Plaintiff contends that it accidentally discovered the existence of the Olo Too resale at a meeting with the USFS, Darrington District, held on October 17, 1987, but that USFS staff did not mention any right to appeal and did not indicate when defendant Buse would begin logging. Affidavit of Tom Campion, Dec. 2, 1987, P5. Plaintiff further contends that it was not until November 28, 1987, that one of its members accidentally learned that logging had begun. Id. P6. Two weeks later, on December 15, 1987, plaintiff filed its complaint for Declaratory Judgment and Injunctive Relief. A hearing was held on plaintiff's motion for a temporary restraining order on December 16, 1987. The Court entered a TRO on December 17, 1987, and scheduled a hearing on the instant motion for a preliminary injunction.

II

The decision to grant or deny a preliminary injunction lies within the discretion of the court as long as the proper legal standard is applied. Arcamuzi v. Continental Airlines, Inc., 819 F.2d 935, 936 (9th Cir. 1987). In the Ninth Circuit, preliminary injunctive relief is available in cases involving the public interest if the plaintiff establishes each of the following: (1) a strong likelihood of success on the merits; (2) a favorable balance of irreparable harm; and (3) that the public interest favors the issuance of the injunction. Northern Alaska Environmental Center v. Hodel, 803 F.2d 466, 471 [17 ELR 20015] (9th Cir. 1986).

[19 ELR 20527]

III

Plaintiff argues that it has a strong likelihood of succeeding on the merits of its complaint for declaratory judgment and injunctive relief. Plaintiff based its complaint on three contentions. First, plaintiff contends that the USFS violated its own regulations, 36 C.F.R. § 211.18(a)(2)-(3) by failing to provide a proper public Notice of Decision concerning the Olo Too resale, and thereby failed to provide the public one level of administrative review as mandated by Congress in 1986. Pub. L. No. 99-591, Title III § 320, 100 Stat. 3341-287 (Oct. 30, 1986) (to be codified at 16 U.S.C. § 618). Second, plaintiff argues that the size of the Olo Too resale violates clear-cut acreage limits contained in the NFMA, its implementing regulations, 36 C.F.R. § 219.27(d)(2), and adopted by Region 6 in the Regional Guide. Third, plaintiff asserts that the resale violates NEPA, because the Forest Service failed to update an eight-year-old EA and failed to provide plaintiff an opportunity to establish that changed circumstances required a new environmental review. The Court concludes that plaintiff has a strong likelihood of prevailing on all three of its contentions.

A

Plaintiff contends that the USFS has denied it and the public the right to appeal the decision to reoffer the Olo Too timber contract. Under USFS regulations, certain discretionary decisions by Forest Officers are subject to appeal, 36 C.F.R. § 211.18(a)(1). Notice of such decisions and the right to appeal must be provided in writing to those on the USFS mailing list and by newspaper publication for all others. 36 C.F.R. § 211.18(a)(2)-(3). Defendant Buse Timber argues that the various mailings and newspaper advertisements placed by the USFS complied with all applicable notice requirements. In fact, however, both the September and the April Notices to Purchasers expressly refer to future decision notices and, in any event, identified the Olo Too contract as not subject to administrative appeal. Melcher Declaration ex. 2 at 1, 8; ex. 3 at 1, 2.1 Similarly, the prospectus and the newspaper advertisement did not advertise the decision to resell, but merely solicited bids. Moreover, and most importantly, the USFS acknowledges that it never issued a "Notice of Decision" concerning the Olo Too resale.

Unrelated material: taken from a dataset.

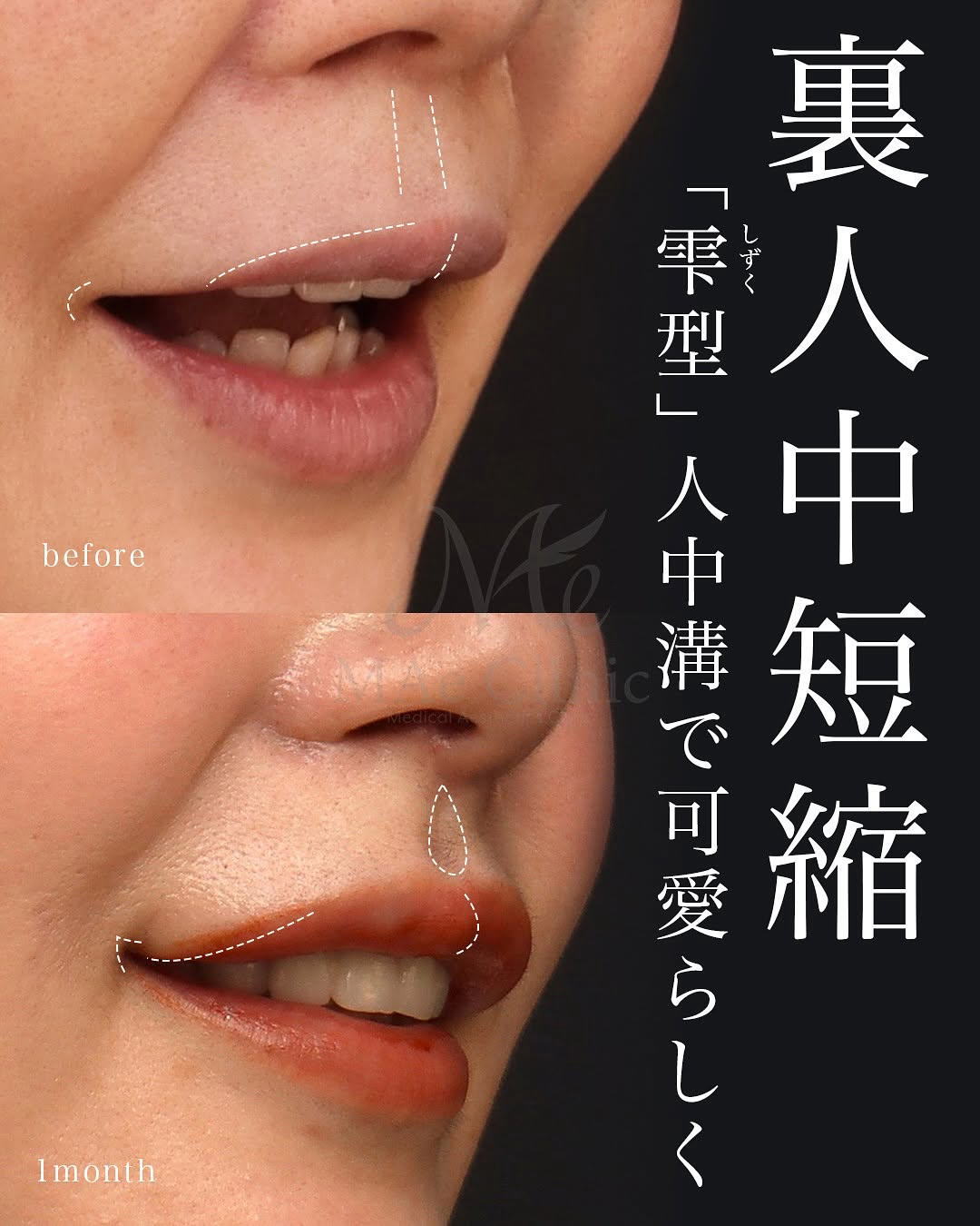 しずく型人中溝で可愛らしく」 裏側人中短縮 傷の見えない人中短縮 、人中厚み調整3D、人中窩形成術、口角挙上 術後1ヵ月MAeClinic マエクリ。

The USFS contends that the decision to resell Olo Too was not appealable, making a "Notice of Decision" unnecessary. In the USFS's view, because the original 1979 decision to sell Olo Too remains unchanged, no new level of review is required. Plaintiff responds that the USFS's position is no longer tenable given the Ninth Circuit's decision in Oregon Natural Resources Council v. U.S. Forest Service, No. 87-3737, slip op. [18 ELR 20450] (9th Cir. Dec. 21, 1987). There, the Ninth Circuit held that a "reoffer" of a returned sale was an appealable discretionary decision, and that Congress had expressly recognized this fact by limiting challenges to "reoffers" to one level of administrative appeal. Oregon Natural Resources Council, slip op. at 10.

The USFS seeks to distinguish Oregon Natural Resources Council, pointing out that there the reoffer concerned a contract that the USFS had substantially modified after the contract had been returned pursuant to the FTCPMA. Because the contract in the instant case has not been modified and because it was returned to the USFS by way of default, rather than as a buy-out under the FTCPMA, the USFS argues that Oregon Natural Resources Council does not apply. The Court disagrees.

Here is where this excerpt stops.